----- Data for this exercise -----

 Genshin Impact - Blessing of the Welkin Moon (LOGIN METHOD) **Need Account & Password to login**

-----
----- Data for this exercise -----

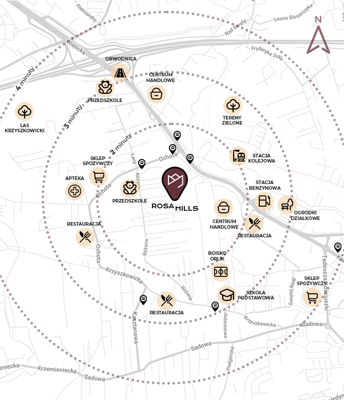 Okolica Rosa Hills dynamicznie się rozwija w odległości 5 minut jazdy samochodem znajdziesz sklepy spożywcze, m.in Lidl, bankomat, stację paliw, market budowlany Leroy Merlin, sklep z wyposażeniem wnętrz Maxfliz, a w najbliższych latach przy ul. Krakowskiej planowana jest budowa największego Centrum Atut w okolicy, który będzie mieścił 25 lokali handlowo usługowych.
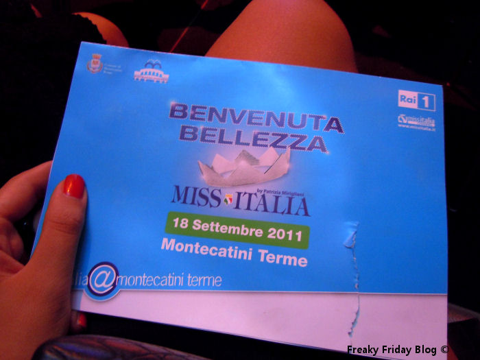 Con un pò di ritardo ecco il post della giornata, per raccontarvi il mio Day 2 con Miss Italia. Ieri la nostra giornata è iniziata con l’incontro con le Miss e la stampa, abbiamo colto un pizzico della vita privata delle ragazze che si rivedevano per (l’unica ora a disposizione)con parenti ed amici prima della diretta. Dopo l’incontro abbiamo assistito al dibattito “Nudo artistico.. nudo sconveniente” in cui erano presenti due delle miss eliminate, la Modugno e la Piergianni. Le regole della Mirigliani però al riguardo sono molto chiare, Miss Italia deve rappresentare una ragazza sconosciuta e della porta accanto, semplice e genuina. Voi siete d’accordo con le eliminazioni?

-----

• [Exercise directions]:
Having found the line with "Okolica Rosa Hills" and the line with "Con un pò di" in the material above, write out exactly those two and every line between, leaving the pictures out.

• [Expected answer]:
 Okolica Rosa Hills dynamicznie się rozwija w odległości 5 minut jazdy samochodem znajdziesz sklepy spożywcze, m.in Lidl, bankomat, stację paliw, market budowlany Leroy Merlin, sklep z wyposażeniem wnętrz Maxfliz, a w najbliższych latach przy ul. Krakowskiej planowana jest budowa największego Centrum Atut w okolicy, który będzie mieścił 25 lokali handlowo usługowych.
 Con un pò di ritardo ecco il post della giornata, per raccontarvi il mio Day 2 con Miss Italia. Ieri la nostra giornata è iniziata con l’incontro con le Miss e la stampa, abbiamo colto un pizzico della vita privata delle ragazze che si rivedevano per (l’unica ora a disposizione)con parenti ed amici prima della diretta. Dopo l’incontro abbiamo assistito al dibattito “Nudo artistico.. nudo sconveniente” in cui erano presenti due delle miss eliminate, la Modugno e la Piergianni. Le regole della Mirigliani però al riguardo sono molto chiare, Miss Italia deve rappresentare una ragazza sconosciuta e della porta accanto, semplice e genuina. Voi siete d’accordo con le eliminazioni?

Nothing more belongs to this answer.